結局ここに行き着くわけです。つまり、ぼけーっと子どもたちを観察していると、なんだか大人とは違う感じを覚えるわけです。自由気ままにかくれんぼをしたり、砂場ではしゃいだり、友達とフラフラ下校したりするさまは、まるで体に縛られず、自由で、言うなれば魂の力で動いているかのようだーーそんなことを、夕暮れ時の公園でぼんやり黄昏れながら、この人は考えていたのではないでしょうか。

そんな子どもたちを眺めているうちに、次第に主人公もその子どもたちと同化していきます。さいしょの「ぼく」はかくれんぼをしている子どものことですが、後の「ぼくら」は、その子どもたちを含めた人々全員のことでしょう。最初は子どもたちを眺めて気味悪がっていた自分だって、もともとは魂の力を備えた子どもだったのだ。大人も子どもも変わらないのだ。私はそういう意味に捉えました。

そんな不思議な情景を一層際立てるのが、空に浮かぶように走る電車、住宅街を貫くように走る電車。そして、寂しい夕暮れ時の公園という舞台設定です。雰囲気も合わさって、子どもを見ていると不思議な気分になる主人公。ふと気づくと踏切の音が聞こえ、ガッタンゴットンと何かが通る。アレは電車かもしれない......。朧気な意識。これを文字で伝えるのは相当困難ですが、曲という形態をとることによってそれを可能にしています。この曲を聴いただけで、そこには一枚の絵画を見たときのような鮮やかな情景が広がります。

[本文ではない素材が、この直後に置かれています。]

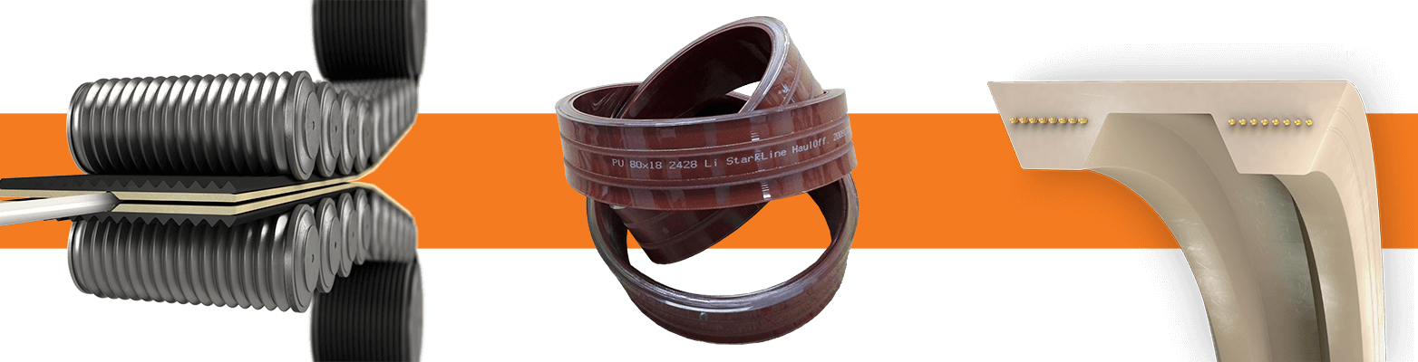 Curelele trapezoidale nu funcționează doar ca și curele de transmisie, ci și ca și curele pentru deplasarea produselor, presarea lor, ambalarea și sortarea lor. Realizăm curele pentru mașini unice sau folosite.

この曲の素晴らしさは、メロディと歌詞が結びついている点。そして、歌うことにより曲の情景が感覚的に浮かび上がる点です。メロディだけでも、歌詞だけでもダメなのです。それらを一体のものとして受け取り、歌として歌った時に初めて、受け手は作品の真価を味わえる......そういう曲は、やはり理想的なものだと私は思います。「曲」は「曲」であることに必然性がないといけないのです。これがこの記事で私が言いたかったことです。別に、上で挙げたような「オモシロ深読み」を否定するわけではありません。そういうものは、曲に新たな世界を与え、新たな価値を生み出すことに一役買っています。はじめの動画も、映像と合わせて聴けばまた違った印象を受けるでしょう。私が言いたいのは、そのように作品を加工する前に、一度「あるがまま」の状態で、純粋に作品を作品として受け取ってみようとすることが大事だということです。繰り返しになりますが、「曲」であるからには、「曲」でなければならなかった理由があるはずなんです。何も考えずに真っ白な状態でこの曲を聴いたとき、果たして「国家」や「電子」のような概念がどれだけ心のなかに浮かんだでしょうか。少なくとも私は、あのハーモニカの余韻と、夕暮れ時の公園、電車、子どもたち.......そういうものを第一に感じ取りました。歌詞を自分なりに解釈して、意味づけるのは、その後でいいのではないかと思うわけです。もちろんここで私が書いた解釈も自分勝手なものです。私が言いたいのは、「私と同じように解釈しろ」ということではなく、「まずは曲を曲として受け取ってみようよ。試しに私がそれをやると、こんな感じになりますよ」ということです。